Играющие искорки Кожуха хитро, торопливо и довольно бегали по собственноручным строчкам генерала Покровского.
"...Ты, мерзавец, мать твою... опозорил всех офицеров русской армии и флота тем, что решился вступить в ряды большевиков, воров и босяков, имей в виду, бандит, что тебе и твоим босякам пришел конец: ты дальше не уйдешь, потому что окружен моими войсками и войсками генерала Геймана. Мы тебя, мерзавец, взяли в цепкие руки и ни в коем случае не выпустим. Если хочешь пощады, то есть за свой поступок отделаться только арестантскими ротами, тогда я приказываю тебе исполнить мой приказ следующего содержания: сегодня же сложить все оружие на ст. Белореченской, а банду, разоруженную, отвести на расстояние 4-5 верст западнее станции; когда это будет выполнено, немедленно сообщи мне, на 4-ю железнодорожную будку".
Кожух посмотрел на часы и на темь, стоявшую в окнах. Час десять минут. "Так вот почему прекратили огонь казаки: генерал ждет ответа". То и дело приходили с донесениями от командиров - все части благополучно подошли вплотную к позиции противника и залегли.
"Добре... добре..." - говорил про себя Кожух и молча, спокойно, каменно смотрел на них, сощурившись.
В темноте за окном в шум реки ворвался торопливый лошадиный скок. У Кожуха екнуло сердце: "Опять что-нибудь... четверть часа осталось..."
Слышно, соскочил с фыркавшей лошади.
- Товарищ Кожух, - говорил, с усилием переводя дыхание, кубанец, стирая пот с лица, - вторая колонна подходит!..
Неестественно ослепительным светом загорелась и ночь, и позиции неприятеля, и генерал Покровский, и его письмо, и далекая Турция, где его пулемет косил тысячи людей а он, Кожух, среди тысячи смертей уцелел, уцелел, чтобы вывести, спасти не только своих, но и тысячи беспомощно следующих сзади и обреченных казакам.
Две лошади, казавшиеся вороными, неслись среди ночи, ничего не разбирая. Черные ряды каких-то войск входили в станицу.
Кожух спрыгнул и вошел в ярко освещенную избу богатого казака.
У стола, стоя во весь богатырский рост, не нагибаясь, прихлебывал из стакана крепкий чай Смолокуров; черная борода красиво оттенялась на свежем матросском костюме.
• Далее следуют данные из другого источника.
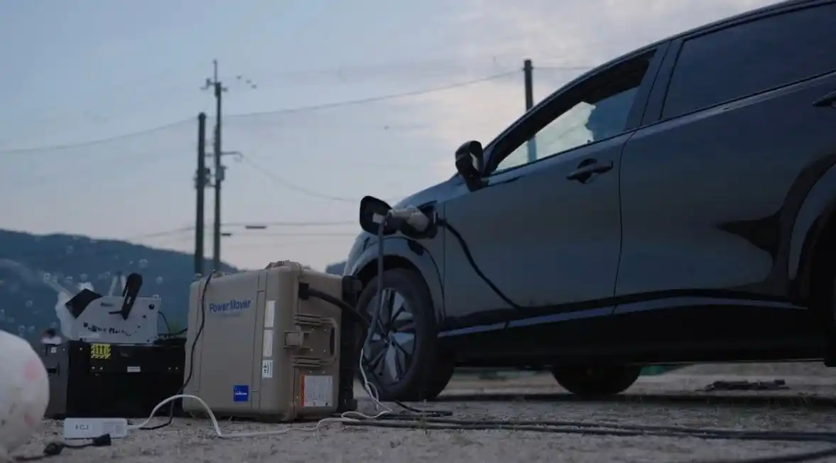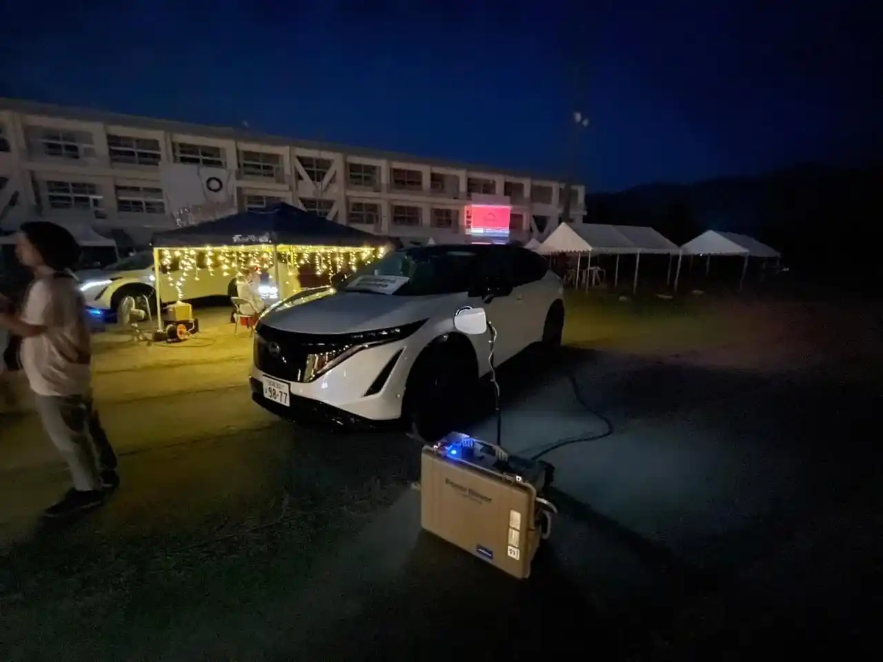 さらに、「ちょうちんが綺麗に映えるのは、電灯が少ない西浅井だからこそ。『暗い』の捉え方も、見方を変えれば強みにできる」。 この思いに感銘を受けた日産自動車と滋賀日産各社が、協賛を申し出てEV車を全台提供。 |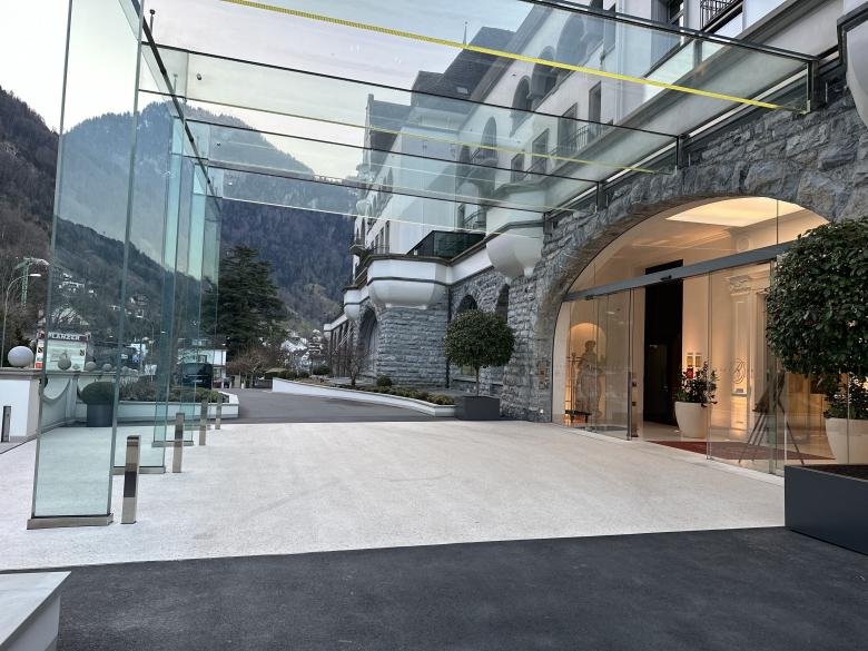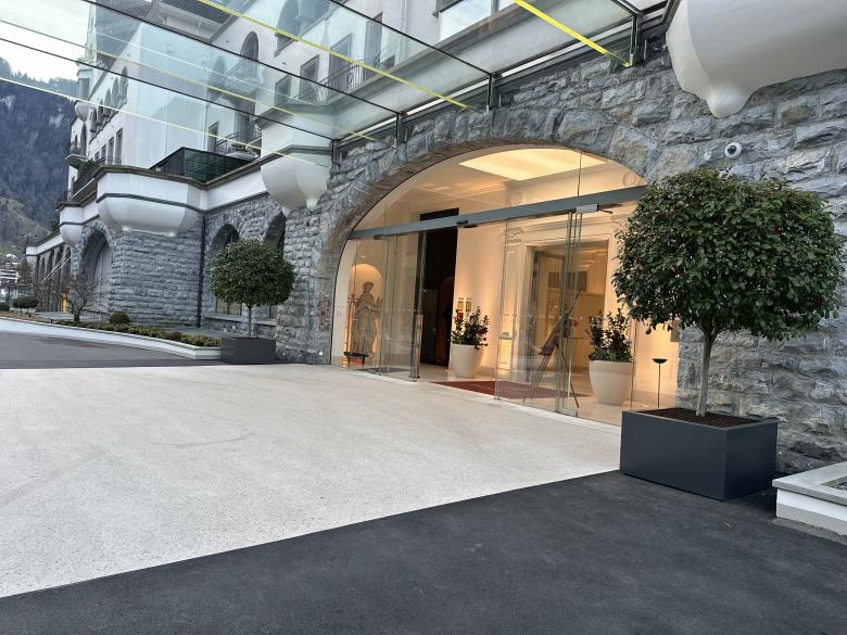 Der Oberflächenfinish wurde nach dem Einbau mittels mehrmaligem Schleifen erreicht und verwandelt den eingebauten Gussasphalt in ein Kunstwerk. Der eingebaute BituTerrazzo® besticht nach dem Schliff durch seinen rötlichen Kornanteil, welcher diesem den nötigen Kontrast zum weissen Farbton gibt. Ähnlich dem inneren des Park Hotels. Mit dem verantwortlichen Hotelpersonal wurde zuallerletzt eine kurze Schulung für den Unterhalt und die Reinigung des Belags durchgeführt. Denn Nichts ist für jede Art von Belag wichtiger als deren Pflege. Mit dem BituTerrazzo® empfängt das Park Hotel Vitznau zukünftig seine Gäste auf einem exklusiven Bodenbelag der Walo, welcher durch Dichtigkeit, Härte, aber auch die nötige Flexibilität besticht. Diese ganzen Eigenschaften gepaart mit Ästhetik machen ihn unschlagbar.

- Здорово, братушка, - сказал он бархатно-густым, круглым басом, глядя сверху вниз, вовсе не желая этим обидеть Кожуха. - Хочешь чаю?
Кожух сказал:
- Через десять минут у меня атака. Части залегли под самыми окопами. Орудия наведены. Подведи вторую колонну к обоим флангам - и победа обеспечена.
- Не дам.
Кожух сомкнул челюсти и выдавил:
- Почему?
- Да потому, что не пришли, - добродушно и весело сказал Смолокуров и насмешливо посмотрел сверху на низкого, в отрепьях, человека.
- Вторая колонна входит в станицу, я сам сейчас видел.
- Не дам.
- Почему?
- Почему, почему! Започемукал, - густым красивым басом сказал тот. - Потому что устали, надо отдохнуть людям. Только родился, не понимаешь?
У Кожуха, как сжатая пружина, упруго вытеснило все ощущения: "Если разобью, так один..."
И сказал спокойно:
- Ну хоть введи на станцию резерв, а я сниму свой резерв и усилю атакующие части.
- Не дам. Слово мое свято, сам знаешь.
Он прошелся из угла в угол, и на всей громадной фигуре и на добродушном пред этим лице легло выражение бычьего упорства, - теперь его хоть оглоблей расшибай. Кожух это понимал и сказал адъютанту:
- Пойдемте.
- Одну минутку, - поднялся начальник штаба и, подойдя к Смолокурову, сказал в одно и то же время мягко и веско: - Еремей Алексеич, на станцию-то можно послать, ведь в резерве будут.